Start of Block
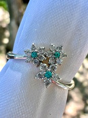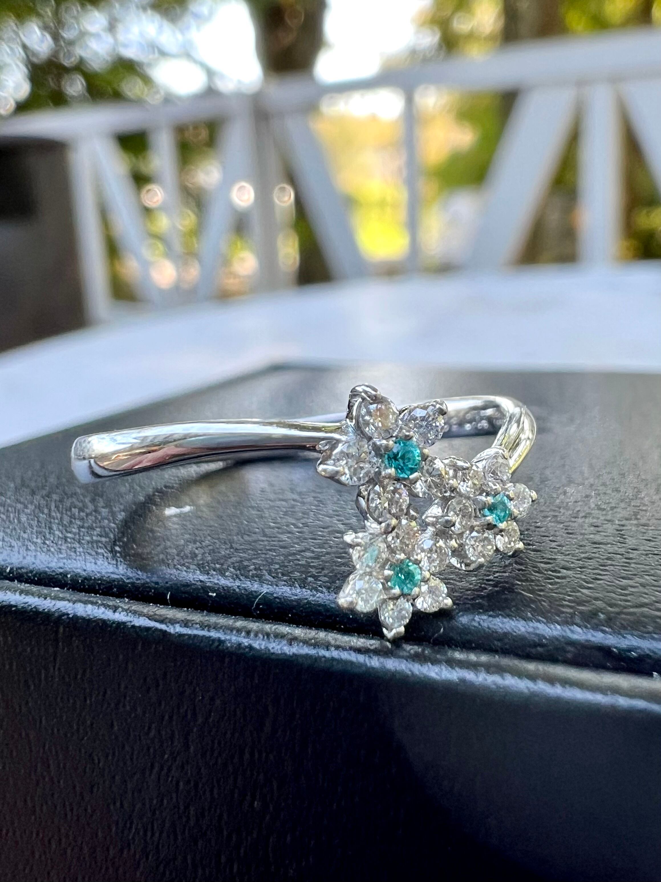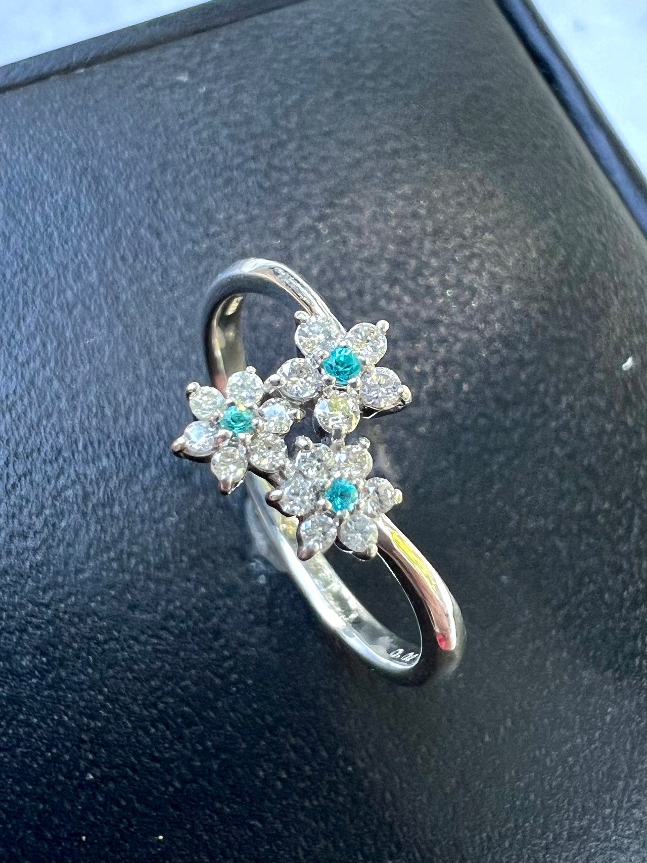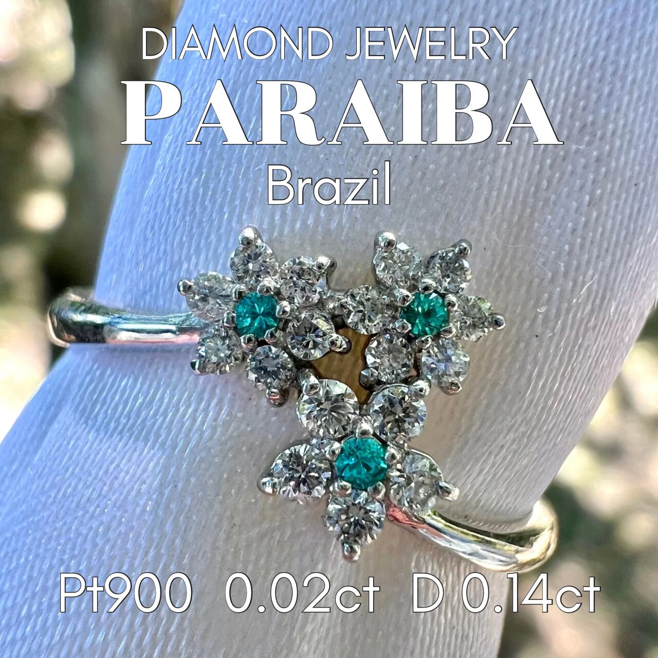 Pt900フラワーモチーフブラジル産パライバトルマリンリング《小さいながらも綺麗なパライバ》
End of Block
Start of Block
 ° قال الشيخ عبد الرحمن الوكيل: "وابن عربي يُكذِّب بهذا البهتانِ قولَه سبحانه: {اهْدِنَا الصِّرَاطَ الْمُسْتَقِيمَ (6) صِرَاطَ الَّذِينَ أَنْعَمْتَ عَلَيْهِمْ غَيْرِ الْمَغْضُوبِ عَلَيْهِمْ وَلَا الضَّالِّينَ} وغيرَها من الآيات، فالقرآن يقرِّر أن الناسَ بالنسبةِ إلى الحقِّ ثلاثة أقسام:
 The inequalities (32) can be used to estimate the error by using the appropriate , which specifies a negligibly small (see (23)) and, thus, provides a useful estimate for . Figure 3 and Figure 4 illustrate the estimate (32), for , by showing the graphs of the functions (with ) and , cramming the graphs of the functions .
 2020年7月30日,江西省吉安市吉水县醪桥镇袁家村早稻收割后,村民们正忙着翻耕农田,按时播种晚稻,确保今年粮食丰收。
End of Block
PROBLEM DESCRIPTION: Begin at the line that has "قال الشيخ عبد" in the entries above; stop after the line that has "2020年7月30日,江西省". Transcribe exactly those lines and no others.

SOLVED PROBLEM:
 ° قال الشيخ عبد الرحمن الوكيل: "وابن عربي يُكذِّب بهذا البهتانِ قولَه سبحانه: {اهْدِنَا الصِّرَاطَ الْمُسْتَقِيمَ (6) صِرَاطَ الَّذِينَ أَنْعَمْتَ عَلَيْهِمْ غَيْرِ الْمَغْضُوبِ عَلَيْهِمْ وَلَا الضَّالِّينَ} وغيرَها من الآيات، فالقرآن يقرِّر أن الناسَ بالنسبةِ إلى الحقِّ ثلاثة أقسام:
 The inequalities (32) can be used to estimate the error by using the appropriate , which specifies a negligibly small (see (23)) and, thus, provides a useful estimate for . Figure 3 and Figure 4 illustrate the estimate (32), for , by showing the graphs of the functions (with ) and , cramming the graphs of the functions .
 2020年7月30日,江西省吉安市吉水县醪桥镇袁家村早稻收割后,村民们正忙着翻耕农田,按时播种晚稻,确保今年粮食丰收。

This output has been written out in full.